We are not aware of the English courts having considered a MAC clause in the context of a single event affecting businesses across different sectors globally or regionally. Usually any alleged cause of a MAC is specific to the business in question – for example, an adverse court or tribunal judgment (as in Cukurova Finance v. Alfa Telecom [2013] UKPC 2) or an asset freeze (as in BNP Paribas S.A. v. Yukos Oil Co [2005] All ER (D) 281 (Jun)). However:

  • In 2001 the UK Takeover Panel ruled on the subject of a MAC condition in the context of the 9/11 terrorist attacks. WPP had made an offer for Tempus Group plc. WPP argued that the attacks had caused a MAC to occur. The Panel accepted that in certain circumstances a party could rely on economic change affecting a broad industry as the basis to invoke the MAC clause. However, a causal link still needed to be established between the unforeseen event and the adverse change to the relevant business. Of course, this is a decision of a non-judicial body interpreting the City Code – courts may not take exactly the same approach.
  • In Socomex Limited v. BBL [1996] Lloyd's Law Reports 156 the court accepted, in the context of a loan agreement, that poor economic conditions across a specific industry in which the borrower operated (the coffee market) entitled the bank to "reasonably conclude that Socomex's ability to perform its obligations … had been materially and adversely affected". However, the case was decided on other grounds.

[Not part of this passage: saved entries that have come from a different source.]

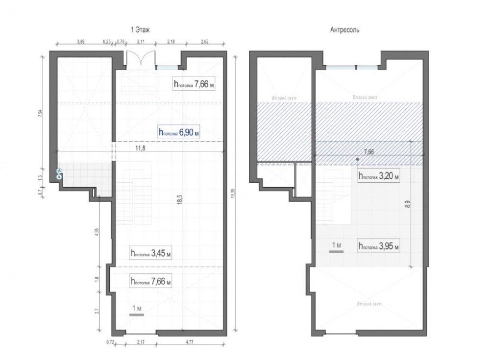 Time на Пресне. 1 уровень - 187,8 кв. м с высотой потолка 3,45 м., 2 уровень - 56,6 кв. м. с
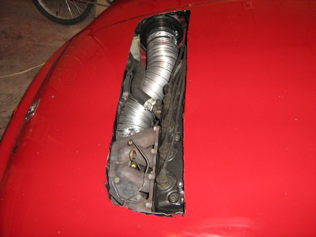 This thread and others like it on other Miata sites and the S2000 forums led me to doing some hood vents. I did one large one right behind the radiator and before the engine block and some triangular venting on the driver's side. They will be painted black so they don't look so ghetto. Disregard the black stripes, we did a vent on my buddy's AE86 hood and he painted them on while forgetting my hood is aluminum and will not rust. My whole car is being painted soon so that will be gone. So far we have both noticed a reduction in fumes in our cars and watched the heat pour out of there while we drive. My buddy reports reduced drag, but I think that's all in his head
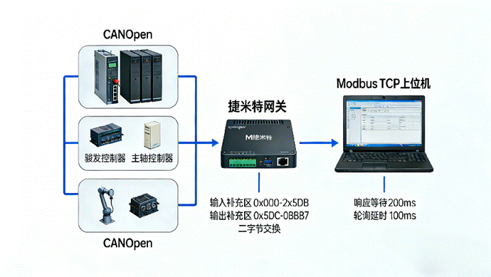 某机械加工企业专注于高精度零部件生产,车间部署了 12 台智能加工机床,核心控制单元均采用 CANopen 协议 的伺服控制器、主轴控制器 ,同时配备了温度、压力、振动等 8 类传感器,用于实时采集机床运行过程中的关键数据。然而,工厂的生产监控上位机 及 MES 系统 基于 Modbus TCP 协议搭建,由于 CANopen 与 Modbus TCP 协议不兼容,导致各机床的运行数据(如伺服电机转速、主轴切削力、加工区域温度、液压系统压力等)无法实时上传至监控平台。
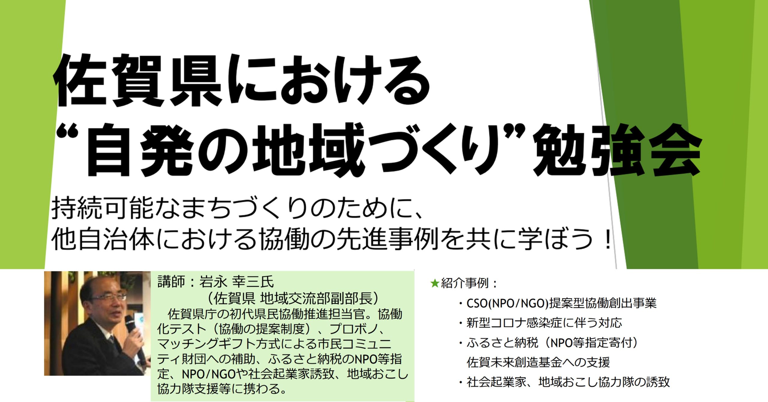 講師: 岩永 幸三氏(佐賀県 地域交流部副部長)佐賀県庁の初代県民協働推進担当官。協働化テスト(協働の提案制度)、プロボノ、マッチングギフト方式による市民コミュニティ財団への補助、ふるさと納税のNPO等指定、NPO/NGOや社会起業家誘致、地域おこし協力隊支援等に携わる。
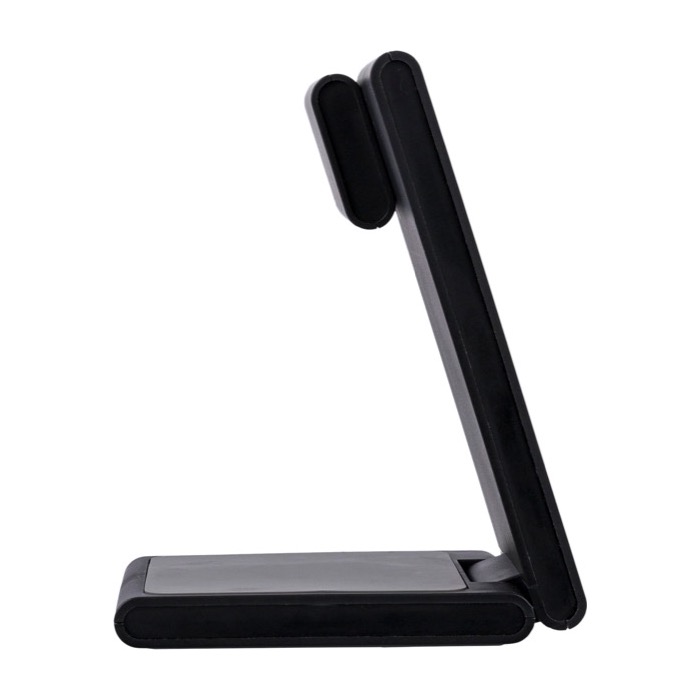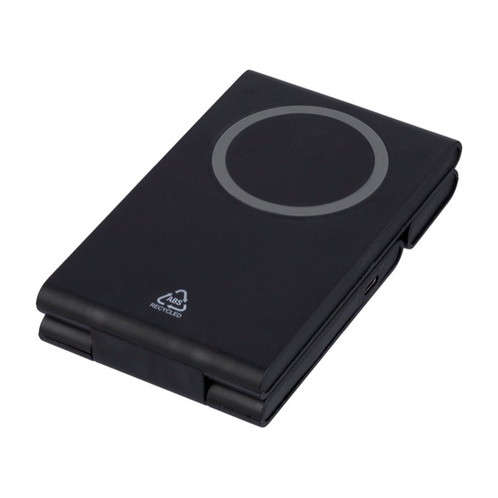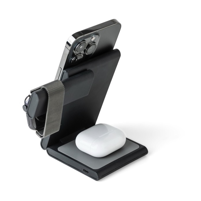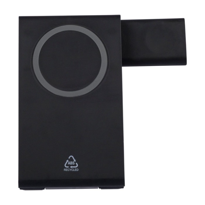 Estação de carga sem fios de plástico reciclado com sistema magnético 3 em 1 para smartphone, smartwatch e auriculares. Design ultraplano que ocupa pouco espaço e suporte dobrável para manter o telemóvel em posição de consulta enquanto carrega. Proporciona carga até 15 W para o telemóvel, 5 W para auriculares tipo AirPods e 2 W para Apple Watch, com entrada 5 V/3 A ou 9 V/3 A via Micro-B (Micro-USB). Entregue em caixa-oferta individual, útil para ações de recursos humanos ou eventos.
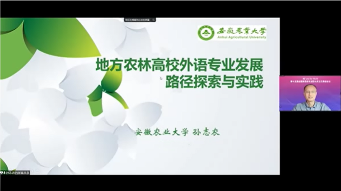 本网讯 近日,第十五届全国英语类专业院长/系主任高级论坛在线上举办,外国语学院组织教师积极参加,与全国外语界专家、老师一道,探讨新文科背景下英语专业内涵发展的建设路径。院长孙志农教授受大会邀请,在会上作了题为“地方农林高校外语专业发展路径探索与实践”的论坛报告。
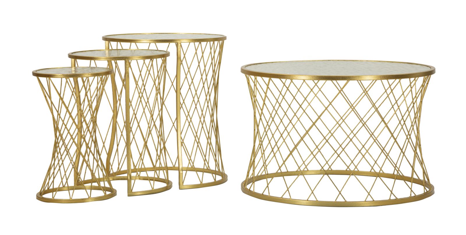 Juego de 4 mesas auxiliares de metal dorado – Noah colección moderna
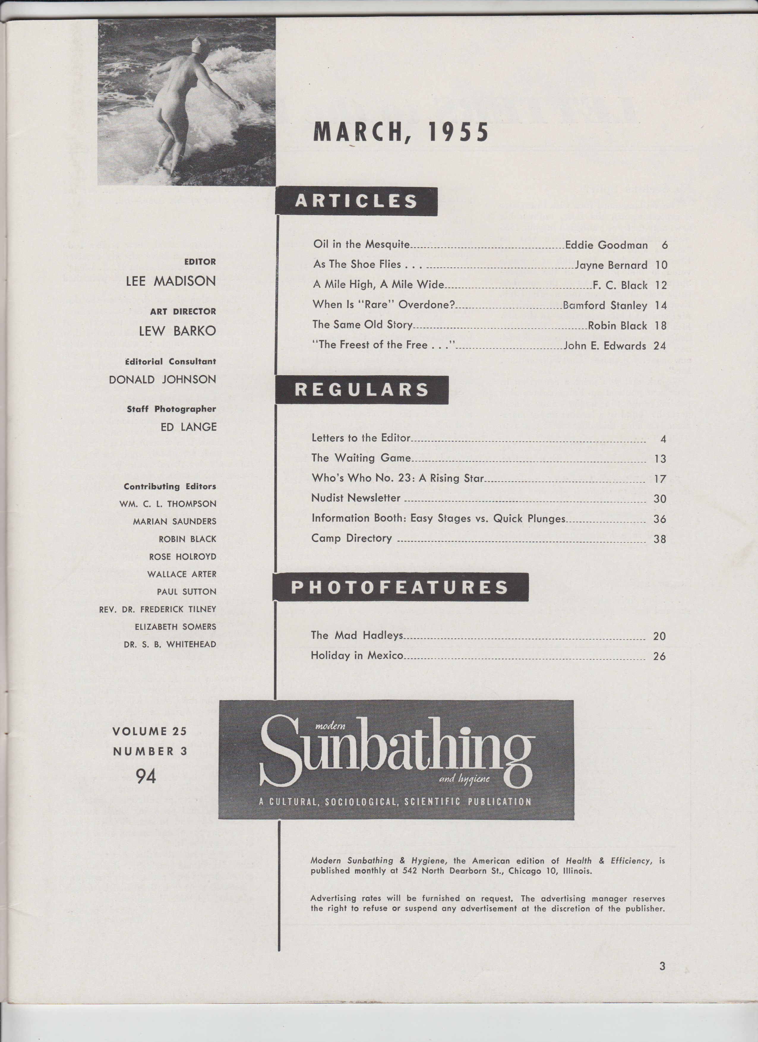 MODERN SUNBATHING AND HYGIENE Vol. 25 #4 (Variant Cover, March, 1955)
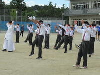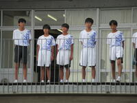 9月21日(水)に新人大会に向けた激励会を校庭で行いました。先輩たちから受け継いだユニフォームに身を包んだ選手たちが、校舎のテラスから新人大会への決意を発表しました。その後、応援委員が熱のこもったエールを送ったり、応援生徒の代表が励ましの言葉を送ったりするなど、3年生を中心に選手たちを勇気づけていました。
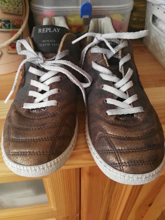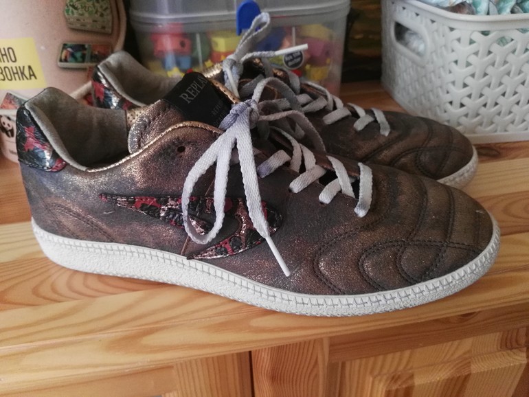 ну, и любовь с первого взгляда-кожаные кеды рипли, моего любимого серо-буро-пошкарябанного цвета, с позолотой) реплика 1972года...
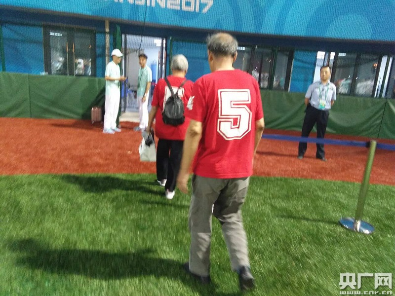 兩位身著棒球隊服的老人在與喜愛的球員合影后心滿意足的離開
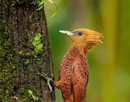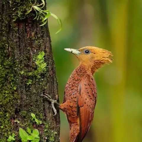 栗啄木鸟:是一种红褐色啄木鸟,体长21厘米。雄性成鸟整个头棕色,…
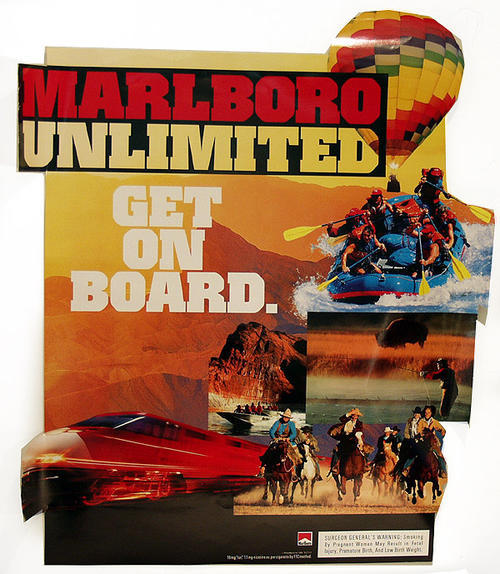 Marlboro Unlimited "Get on board" poster. Pictures train, cowboys, speedboat, fishing, rafting, hot air balloon, and desert.
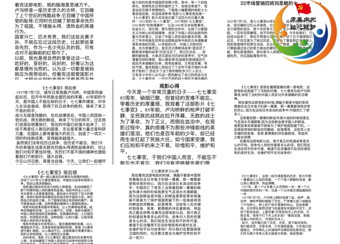 观影结束后,同学们一一写下了心得感悟。其中,22级全媒体1班李敏分享道:“虽然我们没有经历过战争,但历史不能忘。我们今天的幸福生活是无数先烈抛头颅洒热血换来的,也让我们对和平更加珍惜。先烈们不屈不挠的精神激励着我们不断前行。”22级营销1班陈好分享道:“七七事变中,一位位不屈的战士倒在充满血腥的卢沟桥上,石狮子仿佛也在为他们哭泣。南京大屠杀中,日本侵略者竟视中国人的生命为草芥,进行了一次次的杀人比赛,将手中的屠刀向无辜的中国人挥去……。往事依稀,现实催人。澎湃的心在激昂中渐渐趋于冷静。而我们对历史的认识又有多少呢?我们除了了解这一段屈辱的历史,了解这段艰苦的历程之外,更要紧的是要踩稳脚下的土地,以执着的干劲和高昂的斗志去开创新的篇章!”
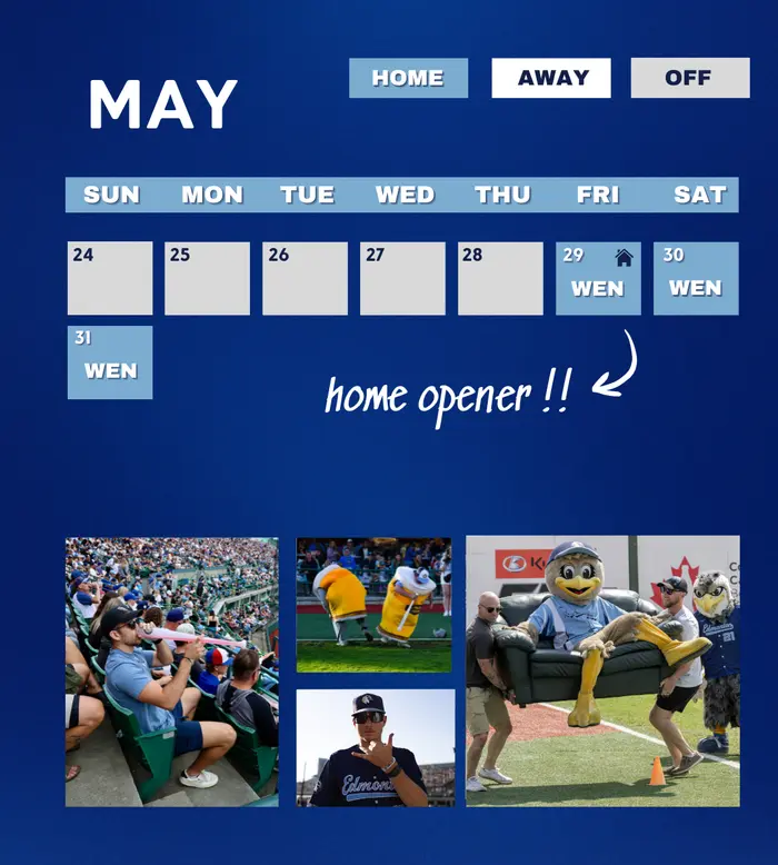 While the 2026 promotional calendar is still in the works, be sure to mark your calendars for our Friday Night Home Opener on May 29, the Canada Day Game on July 1, and Fan Appreciation Day on July 26. Stay tuned as we get closer to the season for the full lineup of summer fun!
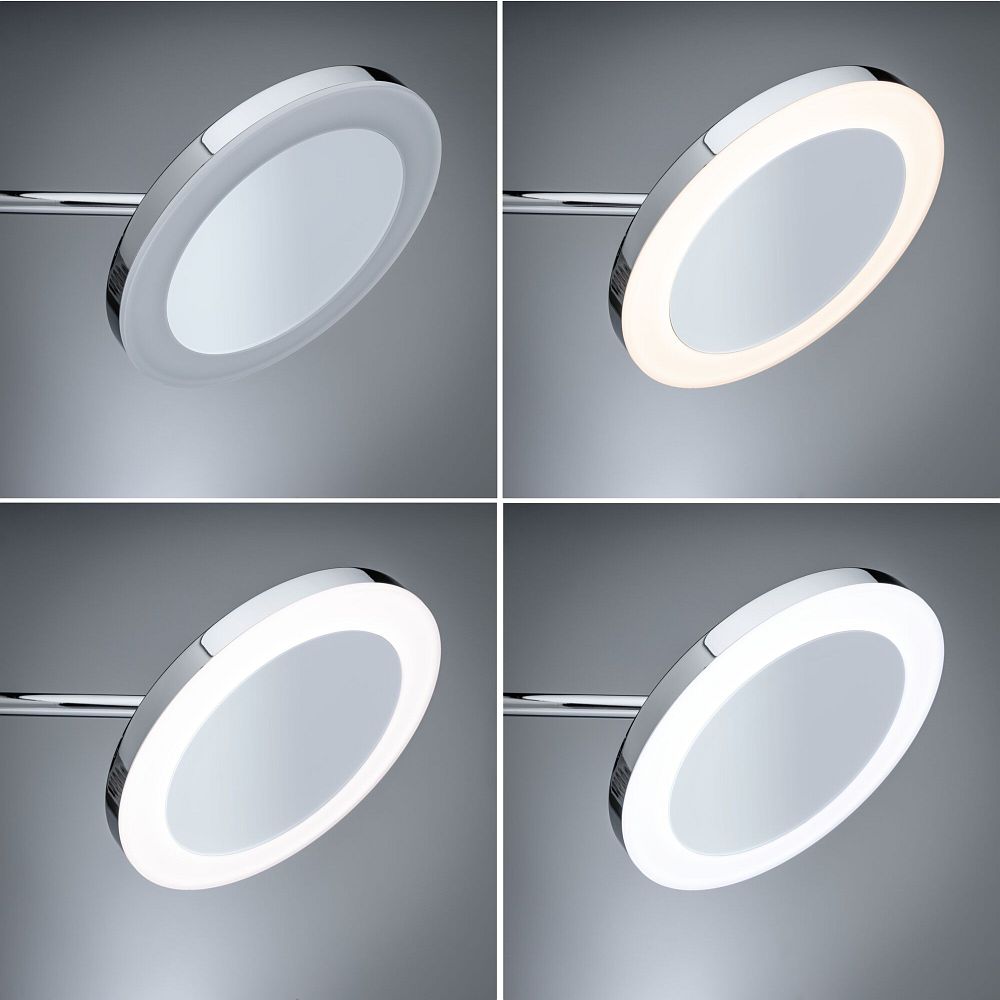 Le miroir cosmétique LED MASUA de Paulmann séduit par sa fabrication de haute qualité et sa fonctionnalité polyvalente. Avec un diamètre de miroir de 20 cm et des dimensions totales de 20 x 21,3 x 38,5 cm, il est compact et peu encombrant. Le produit est fabriqué en plastique durable et métal dans un design élégant chromé qui s’intègre harmonieusement dans divers styles d’intérieur. Grâce au miroir grossissant 3x et à la bande LED entourant le miroir sous le diffuseur, il offre une visibilité optimale et une grande précision des détails pour le maquillage et les soins de la peau.

Our view is that it is possible for a single event with a global, regional or cross-sector effect (such as COVID-19) to be the ultimate cause of a MAC. However, despite the approach taken in Socomex, the burden of proof will generally be on the lender to show the actual effect on the borrower's business, rather than on businesses of a similar type to the borrower's.

Conclusion

There are broader reasons to believe that, for most borrowers, the MAC risk on account of COVID-19 is likely to be low, at least at this stage:

  • However broadly drafted a MAC definition is, and however adverse an event or circumstance is on a borrower's business, there will often be a degree of doubt about whether a particular event or circumstance falls within the scope of the definition. Where the agreement includes a loose subjective test of whether a MAC has occurred (i.e. whether the lender believes a MAC has occurred) rather than an objective test, a lender may feel more confident in its rights to trigger a MAC clause in some circumstances. However, lenders generally want certainty before calling events of default, so rarely seek to enforce MAC clauses. A breach of financial covenants will in most cases be a greater risk for affected borrowers.
  • More generally, we anticipate that, for relationship and reputational reasons, most lenders will be reluctant to take precipitous enforcement action against previously performing borrowers solely on account of COVID-19. The position may be different if an already struggling business has been pushed to the point of no return.